6. The method for evaluating the effectiveness of ecological clean-up small watersheds based on multi-source data according to claim 5, characterized in that, The construction of the loss function including ecological constraints includes: Set the regularization parameters and learning rate decay factor; The cross-entropy loss between the predicted value and the true label is calculated as a basic term; Extract the runoff coefficient and sediment transport ratio in the hydrological cycle process to construct a physical process constraint matrix; The physical process constraint matrix and the basic terms are weighted and summed to construct the final loss function.

7. The method for evaluating the effectiveness of ecological clean-up small watersheds based on multi-source data according to claim 1, characterized in that, The dynamic planning and correction of the next stage of governance resource allocation based on the triggering conditions, using the comprehensive ecological score of the watershed and the marginal contribution rate, includes: If the comprehensive ecological index of the watershed is greater than the first preset threshold, the governance effect is determined to be significant. If the comprehensive ecological index of the watershed is less than the second preset threshold, the governance effect is deemed insufficient. For indicators whose individual evaluation scores are below the passing mark, extract the correlation of the corresponding governance measures. Based on the degree of correlation, targeted engineering or plant-based optimization schemes are generated.

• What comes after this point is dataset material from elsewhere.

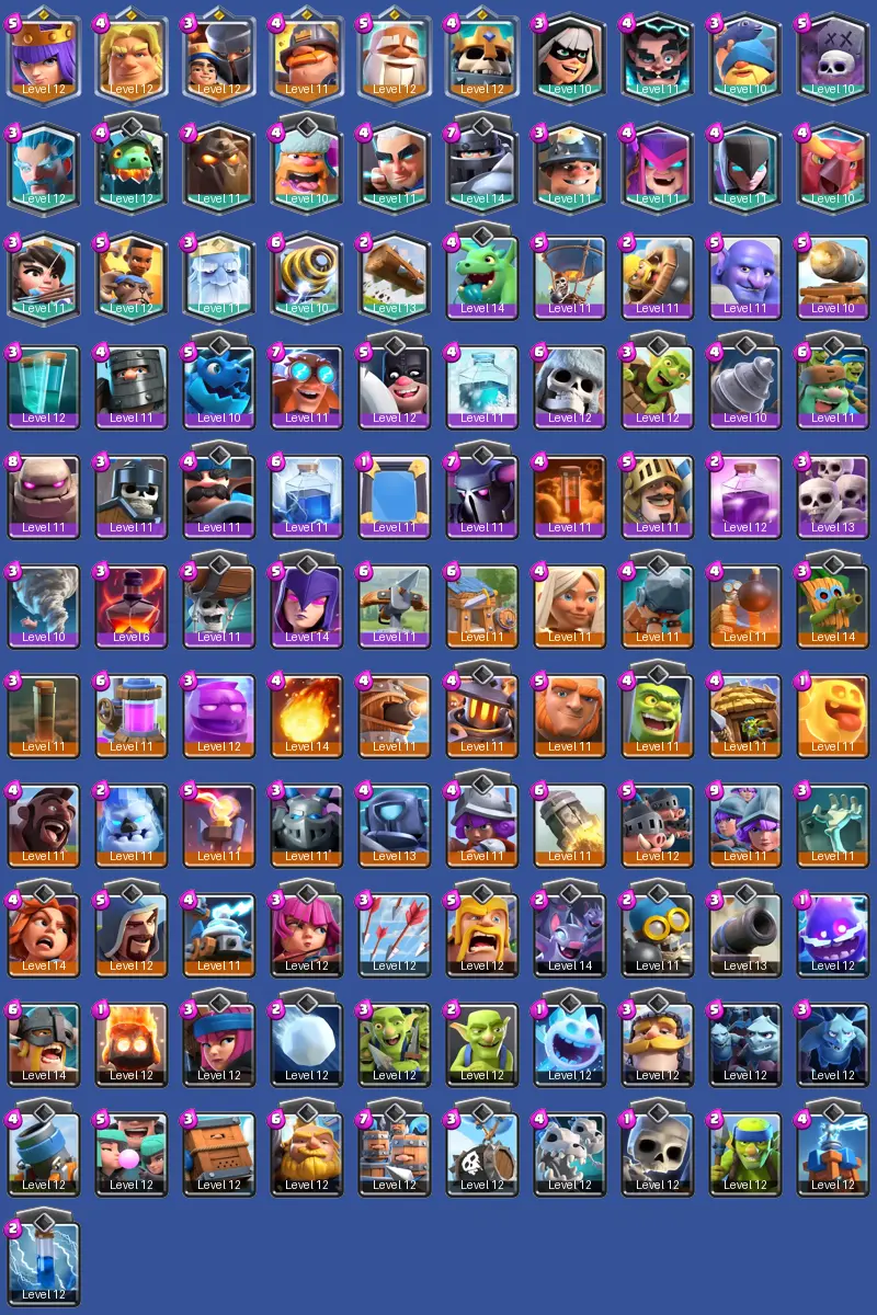 [KT14] | Level 43 | 7000 Trophies | Arena 19 | 111/125 Cards | 2072 Wins | 8 Max | 6 Champions | 18 Legendary | 28 Epic | Full Access | S4G

8. The method for evaluating the effectiveness of ecological clean watersheds based on multi-source data according to claim 7, characterized in that, If the comprehensive ecological index of the watershed is less than the second preset threshold, it includes: The high-resolution image verification mechanism was activated to retrieve dynamic monitoring data from the past three months. Compare and analyze the deviations between the implementation progress of the remediation measures and the design drawings; Generate a supervision list that includes specific location coordinates and rectification deadlines.

9. The method for evaluating the effectiveness of ecological clean-up small watersheds based on multi-source data according to claim 1, characterized in that, Also includes: Receive future scenario parameters input by the user, the future scenario parameters including different rainfall frequencies and land use change schemes; The future scenario parameters are combined with the current multi-dimensional effectiveness evaluation feature set and input into the comprehensive effectiveness evaluation model; Predict future trends in the comprehensive ecological index of the watershed under different scenarios and generate a report on long-term maintenance strategies.

10. The method for evaluating the effectiveness of ecological clean-up small watersheds based on multi-source data according to claim 1, characterized in that, After generating an ecological clean watershed effectiveness assessment report that includes spatial layout optimization and recommended measure types, it includes: Upload the assessment report to the cloud management platform; Automatically generate report summaries using natural language processing technology; The assessment report and governance optimization suggestions are pushed to management personnel via mobile devices.